The landmark, circular Maughan church had its provisional heritage protection removed at the request of the State Government but its history has not been lost said Alex Hall, a lead architect with project designers Woods Bagot.
“More than 2000 bricks and lot of glass from the church has been reused and the organ pipes are being made into a sculpture to go in the lobby,” he said.
Uniting Communities is bringing in staff from across Adelaide into its new HQ but office use is a mere part of the building’s core purpose Mr Hall said.
“They are moving from a care based model to a wellness based model,” he said. “We couldn’t design one space for everyone, we had to cater for different needs.”
There are four physical sections to U City he said, the ground floor and lower part which will comprise function rooms social services to showcase Uniting Communities, a mid level office space area, 21 respite and disability apartments and the top part which will boast 41 retirement living apartments with the initial occupants expected to move in next week.
The specialist disability accommodation features work tops, tables and even ovens and sinks that are height adjustable to suit anyone with a disability and their carers.
Colliers International director Lyn Gray has been advising Uniting Communities on facilities management and leasing for the past three years.
Colliers will have six full time staff operating out of the new building she said, including four concierge staff working a 24/7 roster.
The lobby area will also feature a 2.5 metre high Lego model of U City to show just how the 900 people it will hold on a full day, might interact.
Colliers has also co-ordinated the ground floor cafe and restaurant lease to Luigi’s Delicatessen which is panned to open shortly.
Welcoming the public is essential Mr Schrapel said, a wedding reception is already booked and there are 18 ‘hotel’ bedrooms that can be hired by anyone keen on a CBD stopover.
As expected, the building is super ‘green’, solar panels on the roof and the highest levels of green star certification (residential and office have different standards for example) met.
“The building has no shortcuts, it has been designed to achieve a 6-star Greenstar rating and a 5-star NABERS energy rating.
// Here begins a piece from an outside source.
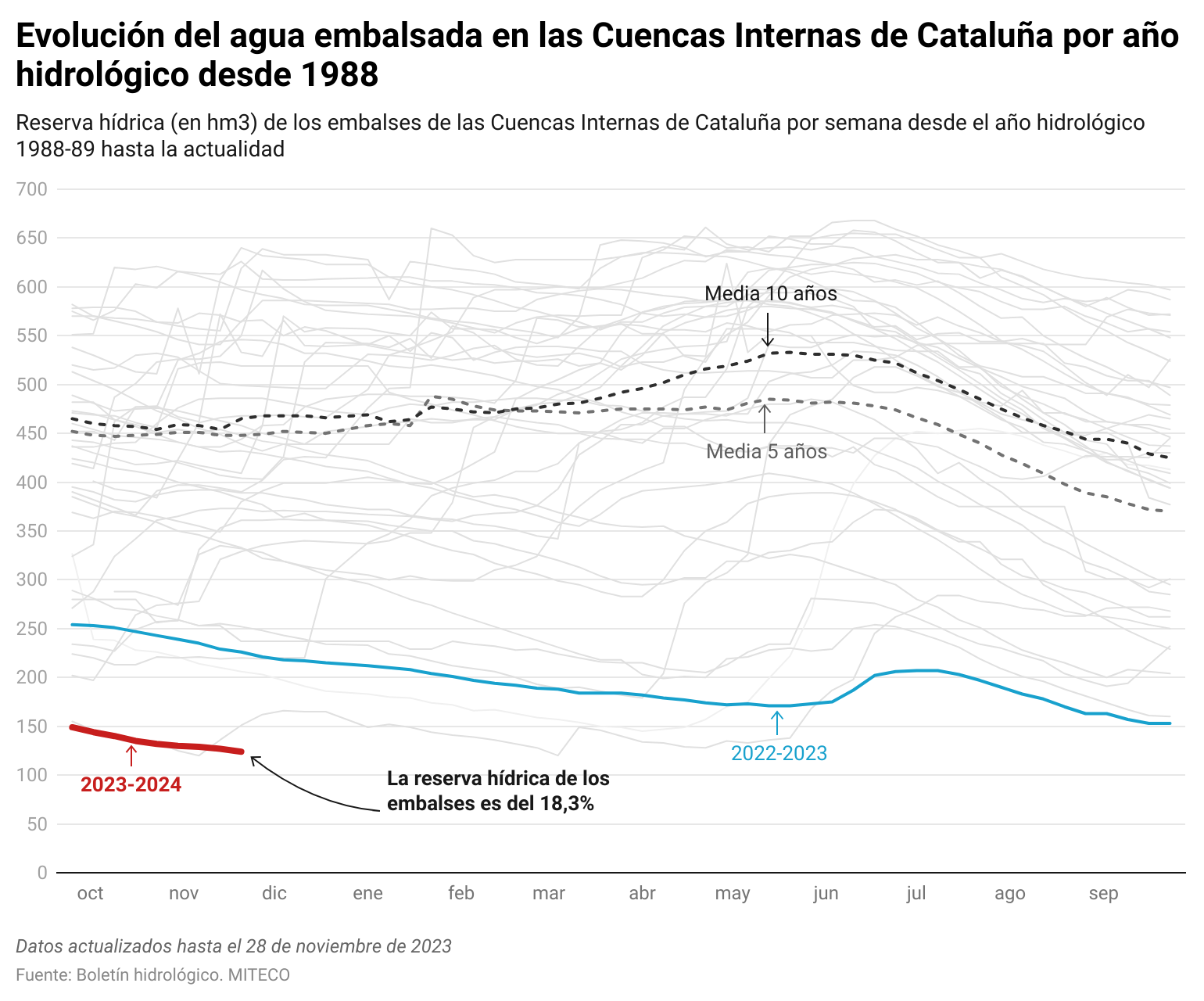 En este gráfico puedes ver la evolución del agua embalsada en las Cuencas Internas de Cataluña. Esta semana estaban al 18,3% de su capacidad total con 124 hm³.

The building will be carbon neutral and is anticipated to deliver a 45 per cent reduction in energy costs for its occupants,” Mr Schrapel said.
While there is a nod to the church’s past — frosted window glass designs highlight the three former iterations on the site and there is a place of worship inside also — the aim is to serve the community and build relationships Mr Schrapel said
“It’s about vibrant living.”
Already the building has been attracting much interest from South-East Asia as a way of CBD living Mr Hall said.
“It’s a massive benchmark for Woods Bagot globally,” he said but the impact might not be immediate.
“It won’t reveal itself for two or three years, when office workers become used to working alongside social services (and more),” he said.